Just checked the data myself, it seems that you might be trying to convert the index column 'index' rathen than the index itself into a new column called korridor. Transposing and resetting index also leads to the creation of a new column with {Rata-rata Harlan, rata-rata Weekdata, Rata-rata Weekend}, which further complicates the process.
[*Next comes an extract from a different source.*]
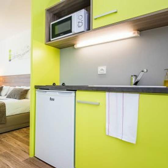 Located in a brand new residence, this apartment will seduce you. It is conveniently located at the doors of Grenoble: close to the University Grenoble Alpes, a few minutes by tram from the city of Grenoble and SNCF train station, and 25 minutes from ski resorts. You can enjoy the view of the mountains. Composed of a living room with 2 single beds (2 * 80 * 200) that you can combine to make a double bed, a kitchenette in the Hall and a bathroom with shower and toilet, the T1 is 23 m². It can accommodate 2 people. The kitchen has a microwave,...

In case you would like the data to be aligned by the 'Koridor' in 13 rows as there are Koridors, I am attaching the code:
import pandas as pd
import geopandas as gpd
transjakarta_lines = gpd.read_file('https://raw.githubusercontent.com/lokalhangatt/stackoverlow/refs/heads/main/dataviz_day13/transjakarta_lines.geojson')
transjakarta_data = pd.read_excel("https://github.com/lokalhangatt/stackoverlow/raw/refs/heads/main/dataviz_day13/TJ_Agustus_2020.xlsx", index_col=0).reset_index() #no transposing required in this case
transjakarta = pd.merge(transjakarta_lines, transjakarta_data, on = 'koridor') #after resetting index both dataframes now have a mathcing columns, hence can be merged on it
transjakarta
Please do correct me in case I got the wrong idea of the intent of the code.